Why is it so hard to make male friends at this stage in life? Why do dads so often feel alienated from their “real” personalities, unless they are yucking it up with other dudes? Sandler isn’t a shrink or a marriage counselor, so he’s not going to tell you. He’s just a cipher for us; a generalized idea of what family-life male angst looks like in 2018. If this new comedy special is a comeback, it’s the low-key kind, a small victory, like remembering to pick up milk when your wife totally expected you to come home empty-handed. Which is why his new song “Phone. Wallet. Keys” is great: it highlights how men want to be seen as doers, but also that we crave having some alone time where we sit on the toilet messing with our phones.

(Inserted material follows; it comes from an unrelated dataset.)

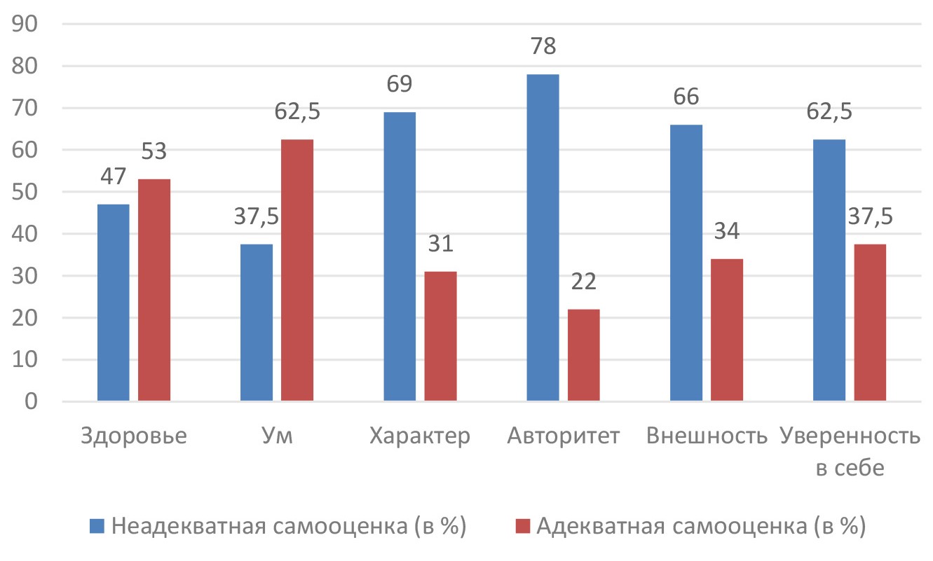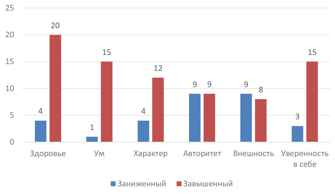 На рис. 2 можно увидеть, что число студентов с заниженной самооценкой по параметру «авторитет» – 50 %, то есть это самый проблемный параметр, по параметру «внешность» и «характер» – 37,5 %, что также является немалым числом, по параметру «уверенность в себе» – 34 %, по параметру «здоровье» – 25 %, а по параметру «ум» – 22 %.

What time period defines peak Adam Sandler? For those of us born in the ‘90s, the answer is unswervingly 1993-1996. In this short three-year epoch, Sandler starred in his two most popular films, Billy Madison and Happy Gilmore. But, more importantly for edgy 14-year-olds, he released his first comedy album, They’re All Gonna Laugh At You!, which was so on-brand you could hear his voice in the title.
Since then, Sandler projects range from excellent (Punch Drunk Love, Funny People) to insultingly bad (Jack and Jill, Blended.) Thinking about this spectrum, the new comedy special does live up to its title insofar as it feels somewhat fresh. Combined with his excellent turn in last year’s new Noah Baumbach film The Meyerowitz Stories (in which he played a father) the new Sandler isn’t trying as hard to be funny. Yes, he still does “funny” voices. Yes, he still sings about growing up Jewish (“Bar Mitzvah Boy” will make a lot of old-school fans happy.) But that’s not the bread and butter anymore.
Overwhelmingly, the best moments are in-between the jokes, watching Sandler get ready for the next bit. Most of us will never really know who Adam Sandler is, not really. Which is why there’s a certain magic dignity in watching this proxy of our younger selves shuffle around the stage and tell what can only be called “dad jokes.” In between the bits and the songs, as Sandler looks down at the stage, men can see someone they recognize. That’s us up on stage, doing our thing, telling our stories. Daddy has to go to work. Here he is, trying to be funny.
Adam Sandler: 100 % Fresh is streaming on Netflix now.